Теперь Вы видите, что у меня есть право писать «мы» и «нас», когда я вспоминаю прошлое, хотя тогда Вы смотрели на мир точно так же, как и сейчас (в чем я, кстати, не сомневаюсь), то есть — как баран на новые ворота. Вы некоторым образом существовали через посредство меня, как и я — через Вас, и это еще одно доказательство единства вселенной. Вы понимаете, почему я опасаюсь, что Вы станете возражать против этой закономерности. Но Вы поймете еще лучше, когда узнаете, чего мне от Вас нужно, о чем я так настойчиво прошу…

Друг мой, вернись! Если в Твоей душе сохранились хоть какие-то остатки укоров совести, я укажу Тебе путь, на котором Ты сможешь их умерить.

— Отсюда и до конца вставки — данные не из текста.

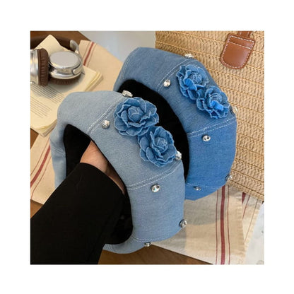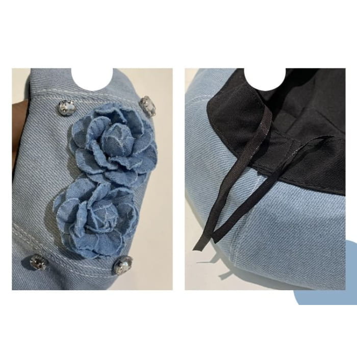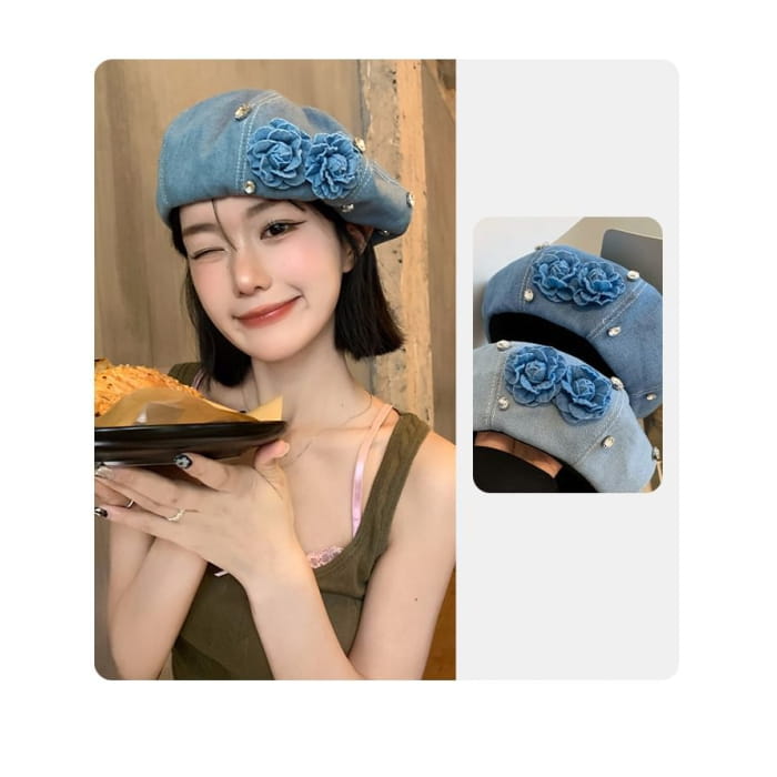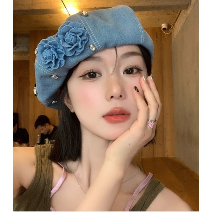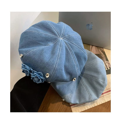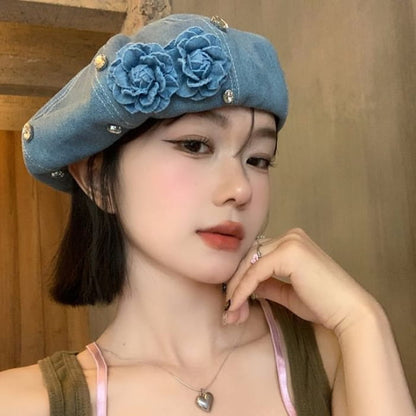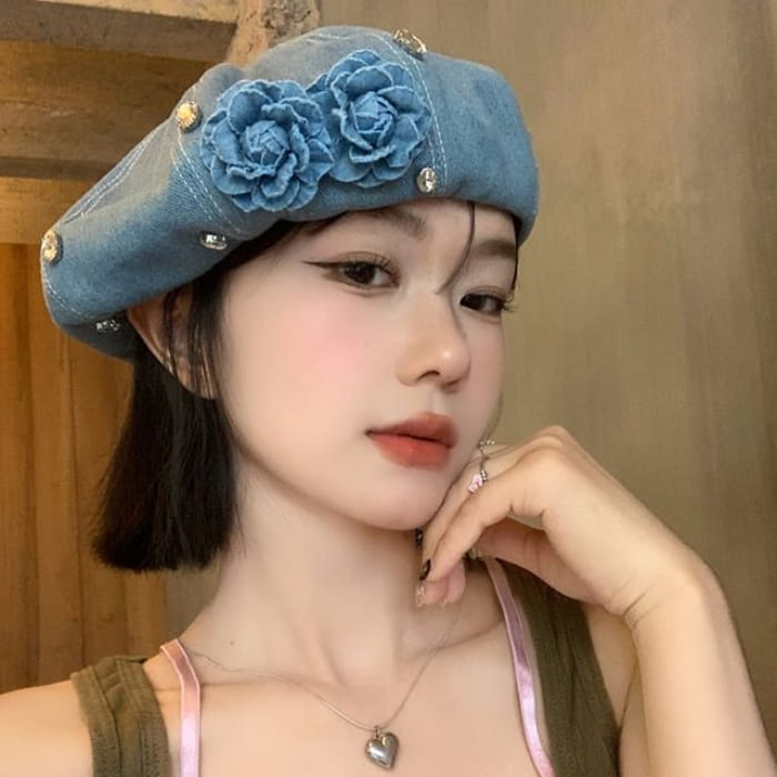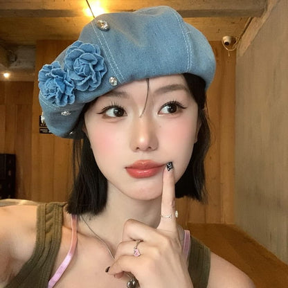 Flower Rhinestone Denim Beret

Если не растрогает Тебя моя просьба, если не прельстят выгоды, то пусть хотя бы чувство, что Ты чем-то мне обязан, побудит тебя вернуться. Мое настоящее уже столь хило, что даже не способно обратиться к прошлому. Может, благодаря Тебе мне снова будет чем наполнить не только себя, но и тот клочок вечернего неба. Ибо на великие радости, которые смогли бы меня воскресить, равно как и на страдания, рассчитывать не приходится. Не потому, что я не искал их. Не потому даже, что не нашел их. Но потому, что они не были, не есть и никогда не будут истинно великими. Возможны ли еще в таком случае великие огорчения? Несмотря ни на что полагаю, что на них можно все же рассчитывать, хотя и здесь точит меня порой червь сомнения. Признаюсь Тебе в этом откровенно, хоть и не хотел бы выходить в этом смысле за определенные рамки. Впрочем, Ты такая скотина, что — тешу себя надеждой — окажешься сильнее времени, а Твоя подлость восторжествует над бегом лет.

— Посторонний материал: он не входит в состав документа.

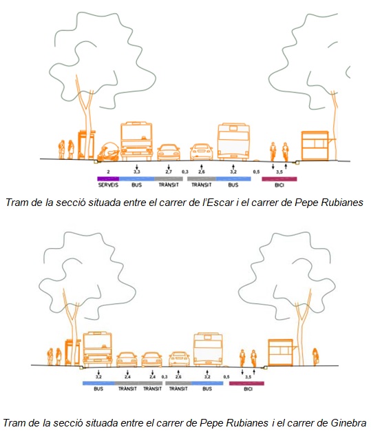 Un cop finalitzin les obres, la configuració de la calçada passarà a ser la següent: la secció en sentit mar inclourà un carril bici bidireccional, un carril bus i un carril de circulació. En sentit ciutat, en el tram comprès entre el carrer de l’Escar i el carrer de Pepe Rubianes hi haurà un cordó de serveis, un carril bus i un carril de circulació; i en el tram situat entre el carrer de Pepe Rubianes i el carrer de Ginebra, un carril bus i dos carrils de circulació.

Так что — возвращайся! Повспоминаем давние истории. Жена, как всегда, цветет, дом, слава Богу, отстроили, да и сигара тоже найдется.

ПИСЬМО ВТОРОЕ

Всемилостивейший Сударь!

В первых строках моего письма сообщаю, что я уже некурящий. Мне жена не позволяет, да и легкие другим заняты. Что касается приезда, так меня с работы не отпустят, потому что отпуск я уже отгулял, разве только по больничному, но доктор мне его не даст, поскольку я вообще-то здоровый, чего и Вам с супругой желаю, и жена меня одного не отпустила бы, так что самое большее — могли бы заглянуть к Вам на какие-нибудь праздники, да и то ненадолго.

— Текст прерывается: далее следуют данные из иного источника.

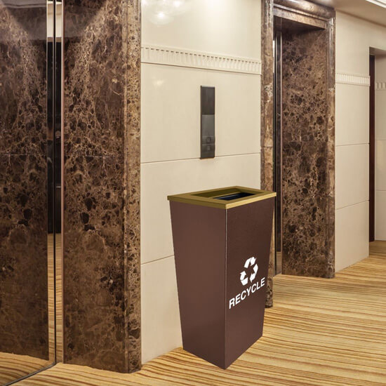 * Heavy-duty steel recycling receptacle for Indoor or Outdoor use.

Зато хотел бы Вас просить устроить мне перевод на какую-нибудь другую работу, так как я сейчас в нелегкой ситуации и кредит за домик выплачиваю, и если у Вас нашлась бы для меня подходящая должность, то очень было бы желательно.

А если не сможете устроить должность, то, может, найдутся у Вас какие-нибудь старые ползунки для малыша или пальто для меня, если Вы его уже не носите, а у Вас есть дети? У меня парочка, дети — это радость, мальчик весь в меня.

Или немного денег. За то, о чем Вы пишете, я очень извиняюсь и могу от всего отречься, только Вы в суд не подавайте, а если подадите, так мой свояк в полиции служит.

Зачем такие вещи расписывать? Это ведь стыд перед Господом. Вы такой образованный, так что сами знаете, что молодость прошла.

Возраст уже не тот, Сударь мой, не тот возраст. Грешить нет нужды.

Еще раз прошу оказать мне милость, передаю поклон супруге Вашей.


(На этом переписка обрывается.)

Ночлег

Однажды я отправился в поездку.

Прямого сообщения до цели моего путешествия не оказалось, и я сошел на промежуточной станции, чтобы пересесть на другой поезд.

Был вечер. Нужный мне поезд должен был подойти лишь наутро.

Покинув станцию, я отправился в город в поисках ночлега.

В гостинице и в других местах мне было отказано. Наконец мне дали адрес, где, как уверяли, меня могли бы приютить.

То был просторный низкий дом, окруженный садом.

— Воля ваша, — сказал хозяин. — Но тут нечистая сила водится.

Бездомной ночи я боялся больше, чем ночи бессонной. Впрочем, в силу обстоятельств, бездомная ночь была бы также и бессонной.

— А что за нечистая сила?

— Ну, вообще, нечисть.

Вообще — это и лучше, и хуже. Хуже, поскольку ничего неизвестно. Лучше — по той же причине. Я решился.

— Я вас предупредил, — сказал хозяин и проводил меня в комнату, где среди прочей мебели стоял большой шкаф.

Оставшись один, я выглянул в окно. Ничего не было видно.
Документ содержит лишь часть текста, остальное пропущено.